Subject Keywords in Computers & Geosciences

    Does GIS really mean "Geographic Information Science" or "Geographic Information Systems"?  Certainly there are journals in the field that emphasize one over the other.  There is some suggestion by keywords of the articles in Computers & Geosciences for either or both; although, the preponderance of evidence seems to lay in one direction.  The GIS debate is suggestive of one raging in our own field, Library Science or Information Science?  Information Science evokes the vision of a broad-based discipline with formal theoretical underpinnings and applicability in many domains.  Library Science has a rich and specific tradition  and a professional focus on a much narrower set of circumstances (i.e. those found in a library).  Discipline or application, good question!

    Some of the common keywords found for articles in C&G included sedimentation, cretaceous, paelostress, and fault, all words that have strong ties to specific geosciences like geology and geophysics.  If these were the most common, I would argue for "Geographic Information Science."  However, another category of keyword vastly outnumbered the geoscience related terms--computer and information systems related expressions.  Words like software, Internet, sorting, graphics, interactive, and phrases like object-oriented programming, image processing, pattern recognition,  and process simulation.  It is clear that Computers &  Geosciences is focused on the use and application of computer tools rather more than the broader geoscience discipline.  In the mission statement of the journal, they refer to their niche as "geocomputation" rather than geoscience.
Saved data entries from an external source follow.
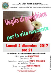 Lunedì 4 dicembre ore 21 in contemporanea nelle tre sedi di Novafeltria (chiesa parrocchiale), Monte Cerignone (santuario B. Domenico), Montegiardino (chiesa parrocchiale) si terrà la veglia di preghiera per la vita nascente…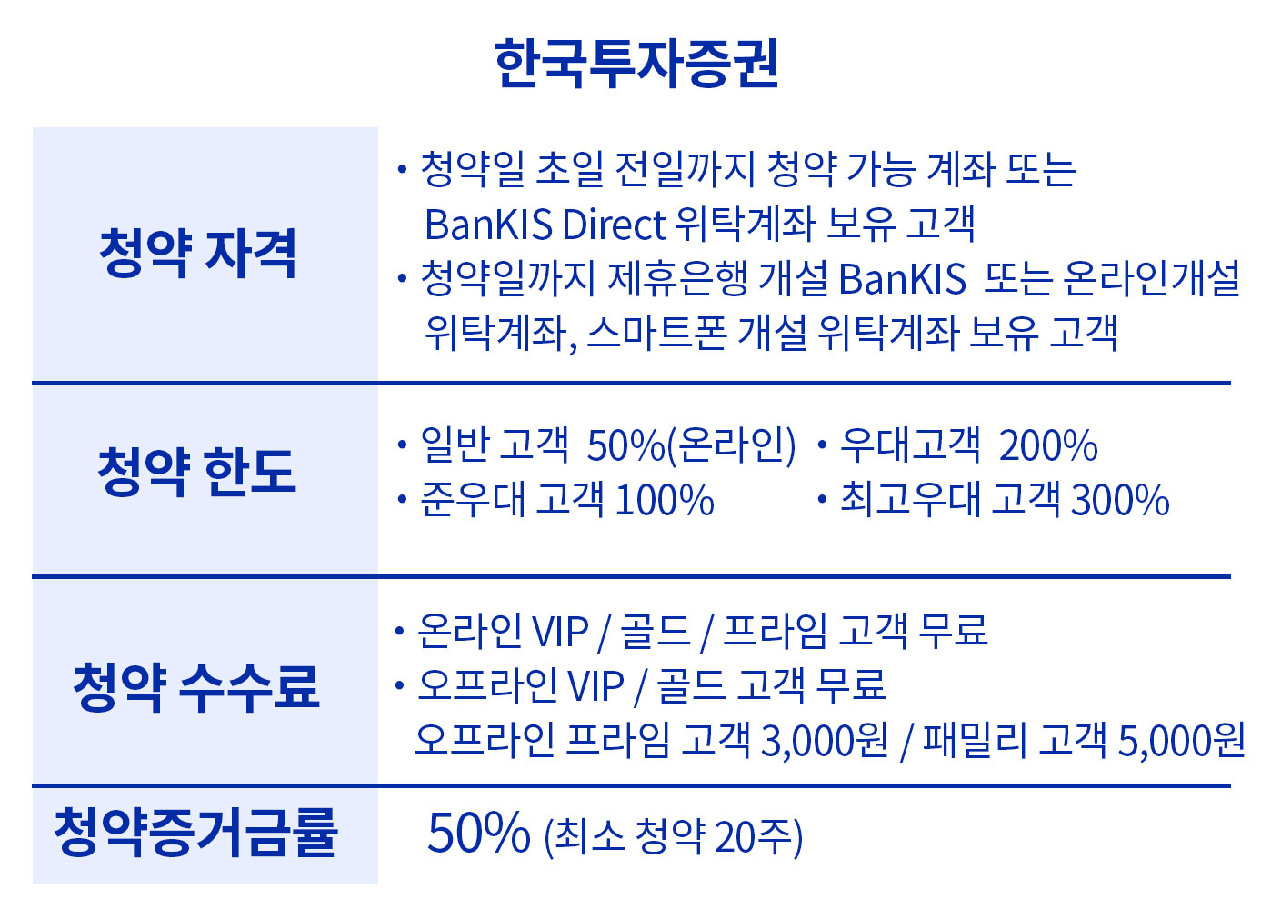 청약 한도는 온라인 고객은 50%까지 가능하며, 준우대고객은 100%(12,000주), 우대 고객은 고객 등급에 따라 200%~300%까지 가능합니다. 청약 수수료도 고객 등급별, 온라인에서 했는지 오프라인에서 청약하였는지에 따라서 수수료가 다르게 책정됩니다.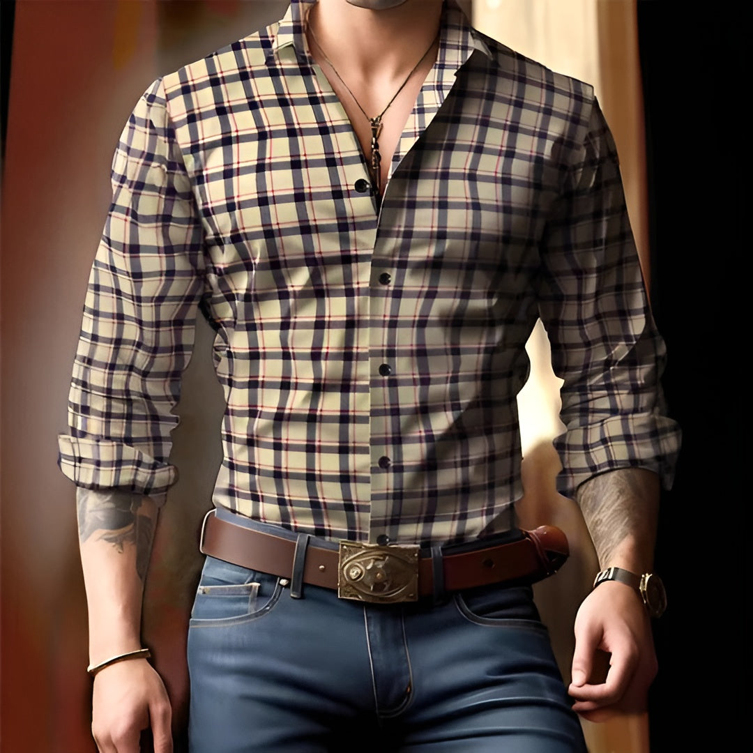 Det klassiske ternede mønster og den moderne pasform giver dig et selvsikkert og velklædt udtryk. Stoffet er let og åndbart, så du holder dig frisk – også på lange arbejdsdage.

    Areas like GIS and LIS have much in common; they are struggling to adopt some kind of unified vision, an understanding of the boundaries of their field.  A journal like C&G fits in very nearly at one end of the spectrum, providing articles for a sub-group of GIS researchers.  Even as the larger GIS community continues to try to define its self, C&G should continue to be able to support a core following of geo-computer scientists.

Biblometrics and Webmetrics: An Essay

    “I often say that when you can measure what you are speaking about, and express it in numbers, you know something about it; but when you cannot measure it, when you cannot express it in numbers, your knowledge is of a meagre and unsatisfactory kind; it may be the beginning of knowledge, but you have scarcely in your thoughts advanced to the state of Science, whatever the matter may be.” (Kelvin, 1891)

    Bibliometrics is the application of numerical and statistical techniques to texts and documents.  Publication counts, co-term analysis, and citation analysis are examples of specific bibliometric practices.  When bibliometrics is used to examine aspects of a specific scientific discipline, it is often referred to as Scientometrics.  A fundamental idea behind bibliometrics is that, by measuring and analyzing the empirical bibliographic data contained in books and journals, new knowledge can be found in the trends and patterns. 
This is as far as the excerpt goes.